You will implement two deterministic “toy” tools:

- `search`: returns a small list of hits (each with `chunk_id` so it can be cited)
- `write_answer`: produces an answer + citations from those hits

Then run `run_agent(...)` and inspect the captured `state.steps` and `state.final`.

Goal: verify you can debug behavior *without rerunning*, purely from the recorded state.

### Exercise: Implement toy tools

Define two tools with explicit inputs/outputs:

- `search({query, top_k}) -> {hits: [{chunk_id, text}]}`
- `write_answer({question, hits}) -> {mode, answer, citations}`

Then pass them into `run_agent(...)` and inspect the resulting `AgentState`.

In [None]:
from typing import Any


def search_tool(payload: dict[str, Any]) -> dict[str, Any]:
    query = str(payload.get("query", "")).strip()
    top_k = int(payload.get("top_k", 3))
    if not query:
        return {"hits": []}

    hits = [
        {"chunk_id": "kb#001", "text": f"Policy excerpt relevant to: {query}"},
        {"chunk_id": "kb#002", "text": "Additional supporting detail."},
    ]
    return {"hits": hits[:top_k]}


def write_answer_tool(payload: dict[str, Any]) -> dict[str, Any]:
    question = str(payload.get("question", "")).strip()
    hits = payload.get("hits", []) or []

    if not hits:
        return {"mode": "clarify", "answer": None, "citations": [], "question": "What domain should I search?"}

    top = hits[0]
    chunk_id = top.get("chunk_id", "")
    answer = f"Based on the KB, here is the key detail: {top.get('text', '')}"
    citations = [{"chunk_id": chunk_id, "snippet": top.get("text", "")[:80]}] if chunk_id else []

    return {"mode": "answer", "answer": answer, "citations": citations}


tools = {"search": search_tool, "write_answer": write_answer_tool}
state = run_agent("refund policy", tools=tools, max_steps=3)

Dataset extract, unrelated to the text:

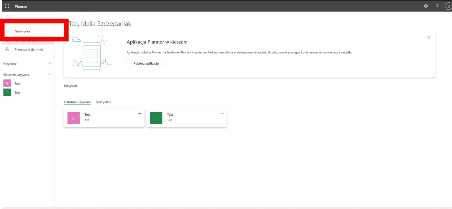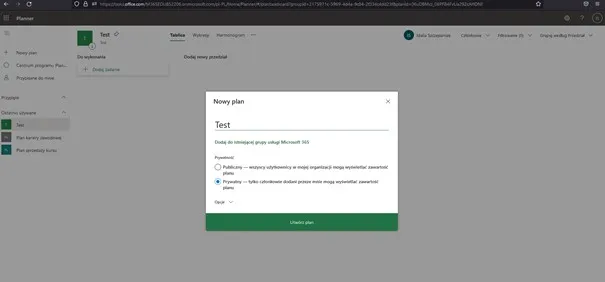 Pierwszym krokiem, który należy zrobić po uruchomieniu jest utworzenie NOWEGO PLANU, który znajduje się w lewym górnym rogu. Na tym etapie należy odpowiednio zatytułować projekt oraz ustalić czy plan będzie dostępny dla wszystkich osób z organizacji, czy tylko wybrana grupa będzie miała do niego dostęp.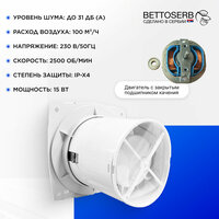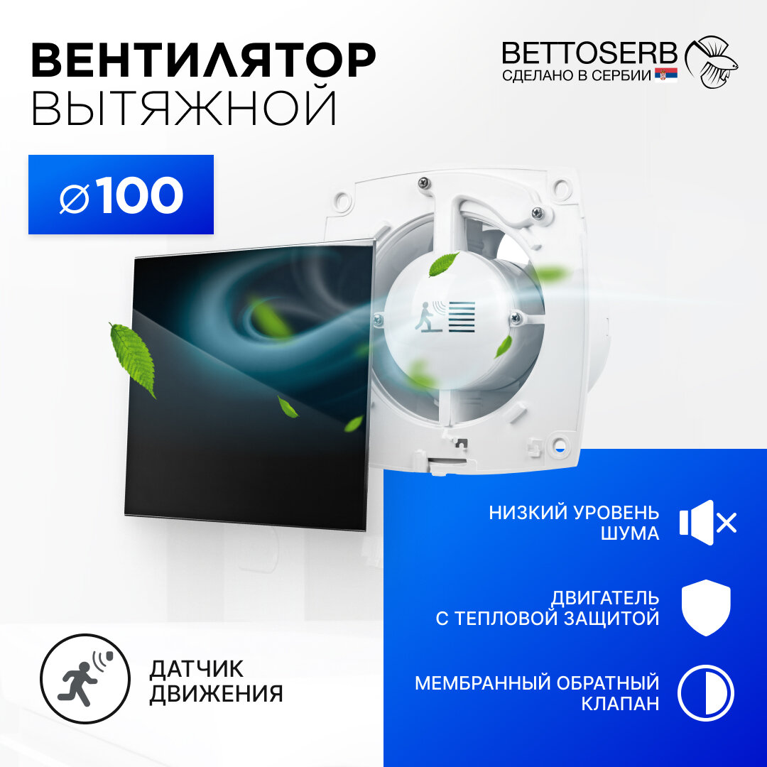 Вентилятор вытяжной бесшумный для ванной/туалета/кухни BETTOSERB с обратным клапаном, датчиком движения и таймером, c накладкой черное стекло: сравнение цен, характеристики, фото, актуальное наличие и цены.

print("final:", state.final)
print("n_steps:", len(state.steps))

In [None]:
for i, s in enumerate(state.steps, start=1):
    print("---")
    print("step", i)
    print("tool:", s.tool)
    print("latency_ms:", s.latency_ms)
    print("input:", s.tool_input)
    print("output:", s.tool_output)
    print("error:", s.error)

## Self-check

- Is every tool call recorded in `state.steps` (including inputs + outputs + errors)?
- Do you cap steps with `max_steps`?
- If `search` returns no hits, does the agent switch to a safe `clarify` outcome?
- Can you explain the final answer from the recorded state alone?